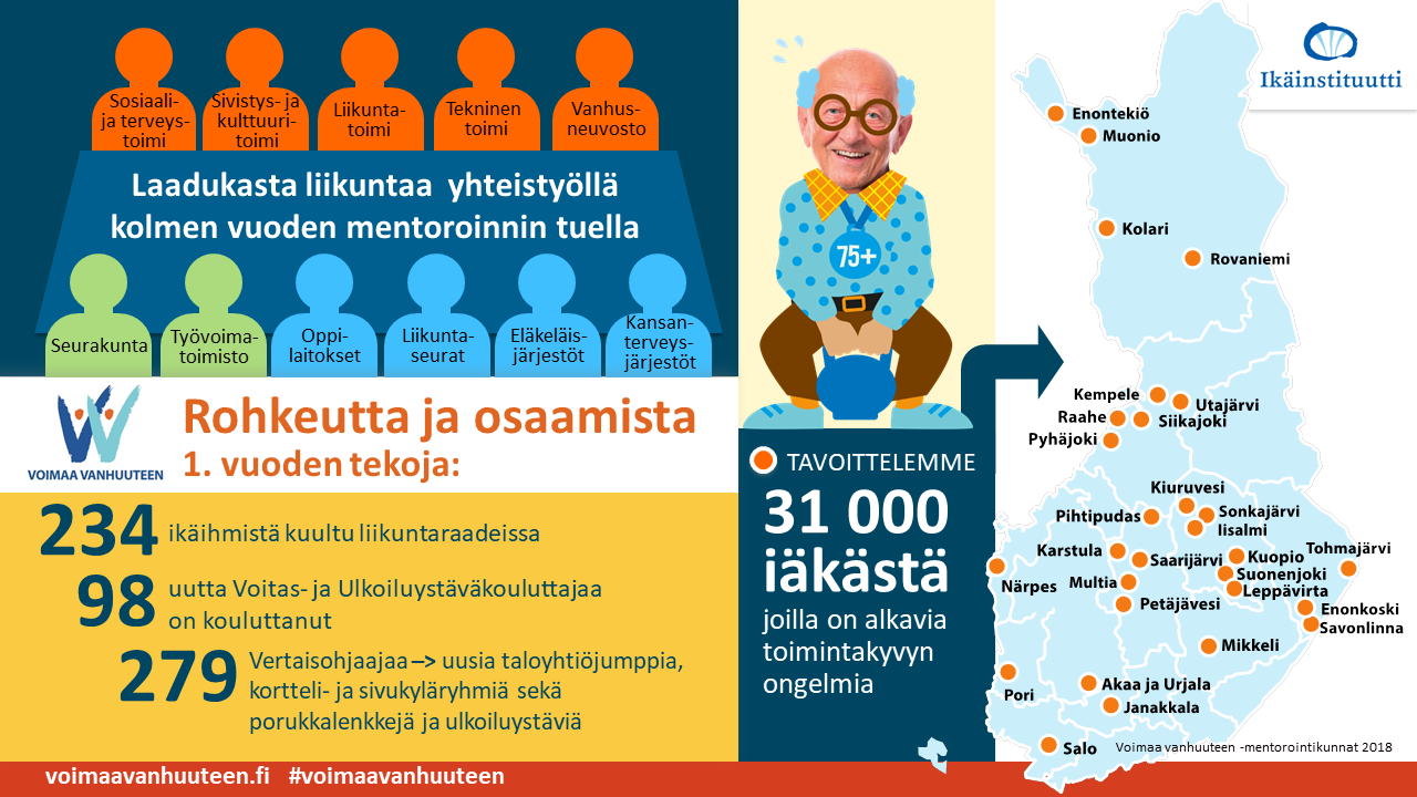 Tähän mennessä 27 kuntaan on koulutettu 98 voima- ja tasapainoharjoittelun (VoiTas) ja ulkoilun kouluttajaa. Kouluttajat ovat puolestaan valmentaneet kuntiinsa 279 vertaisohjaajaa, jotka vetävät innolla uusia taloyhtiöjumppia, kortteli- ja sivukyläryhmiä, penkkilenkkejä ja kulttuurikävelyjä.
++++
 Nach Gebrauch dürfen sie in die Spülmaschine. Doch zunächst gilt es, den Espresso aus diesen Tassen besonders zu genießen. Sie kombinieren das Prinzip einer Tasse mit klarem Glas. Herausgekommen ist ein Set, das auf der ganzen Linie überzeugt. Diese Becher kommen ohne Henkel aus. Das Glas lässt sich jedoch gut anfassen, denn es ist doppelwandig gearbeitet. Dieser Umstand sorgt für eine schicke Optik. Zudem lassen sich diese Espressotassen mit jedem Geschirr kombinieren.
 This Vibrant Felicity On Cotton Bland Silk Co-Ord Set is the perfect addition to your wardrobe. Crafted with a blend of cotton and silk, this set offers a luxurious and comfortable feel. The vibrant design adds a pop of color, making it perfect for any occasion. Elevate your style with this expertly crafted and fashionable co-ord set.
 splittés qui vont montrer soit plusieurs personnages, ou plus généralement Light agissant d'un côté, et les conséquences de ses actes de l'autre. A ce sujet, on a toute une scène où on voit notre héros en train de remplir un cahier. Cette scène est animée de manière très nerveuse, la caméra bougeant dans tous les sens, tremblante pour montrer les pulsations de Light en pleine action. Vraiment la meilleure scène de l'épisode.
++++
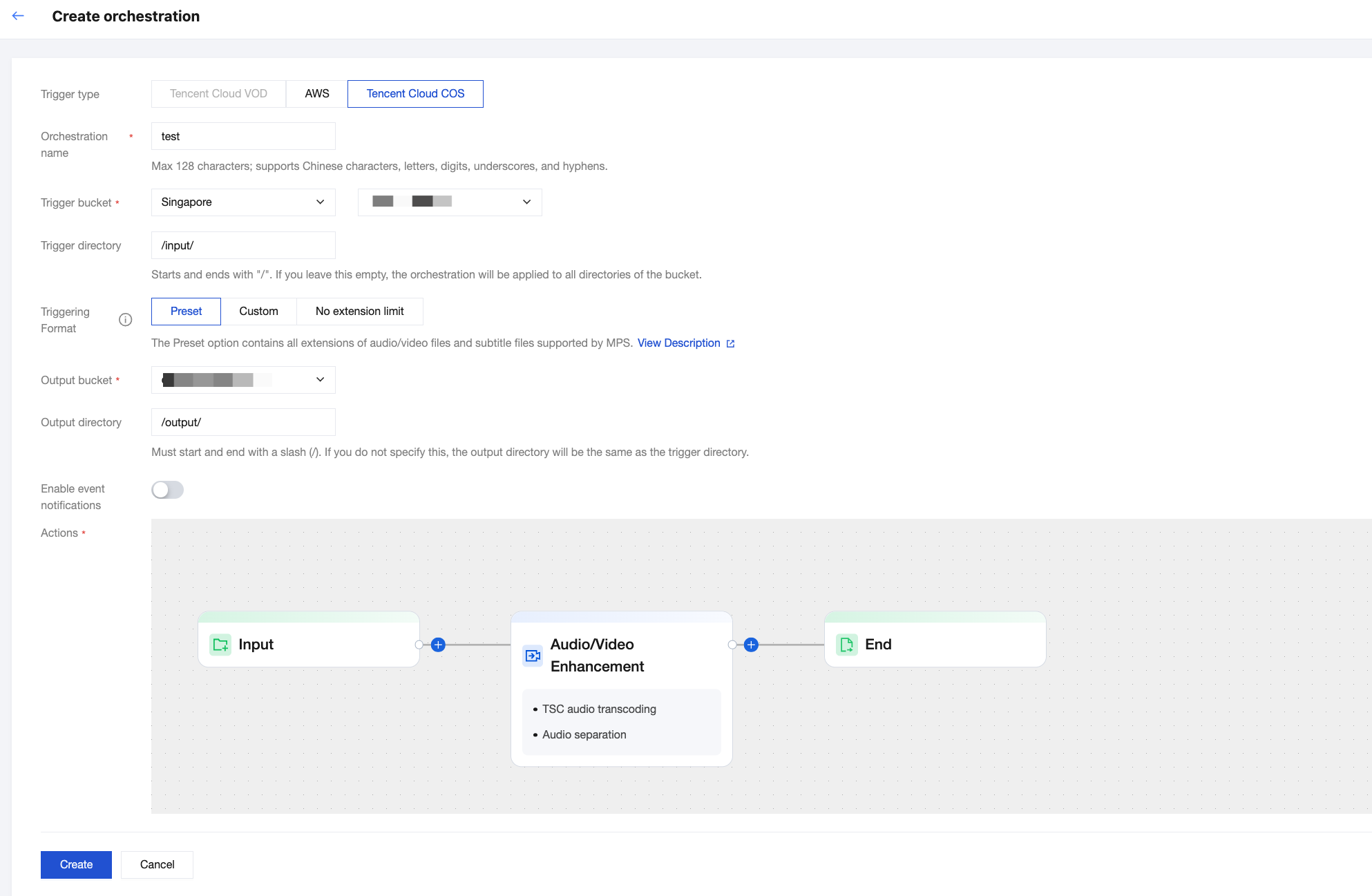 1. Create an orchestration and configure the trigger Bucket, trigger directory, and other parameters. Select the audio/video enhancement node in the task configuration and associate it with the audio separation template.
++++
Directions: All lines above from the one with "Nach Gebrauch dürfen" to the one with "This Vibrant Felicity", inclusive, should be copied exactly, and no other lines.

Worked solution:
 Nach Gebrauch dürfen sie in die Spülmaschine. Doch zunächst gilt es, den Espresso aus diesen Tassen besonders zu genießen. Sie kombinieren das Prinzip einer Tasse mit klarem Glas. Herausgekommen ist ein Set, das auf der ganzen Linie überzeugt. Diese Becher kommen ohne Henkel aus. Das Glas lässt sich jedoch gut anfassen, denn es ist doppelwandig gearbeitet. Dieser Umstand sorgt für eine schicke Optik. Zudem lassen sich diese Espressotassen mit jedem Geschirr kombinieren.
 This Vibrant Felicity On Cotton Bland Silk Co-Ord Set is the perfect addition to your wardrobe. Crafted with a blend of cotton and silk, this set offers a luxurious and comfortable feel. The vibrant design adds a pop of color, making it perfect for any occasion. Elevate your style with this expertly crafted and fashionable co-ord set.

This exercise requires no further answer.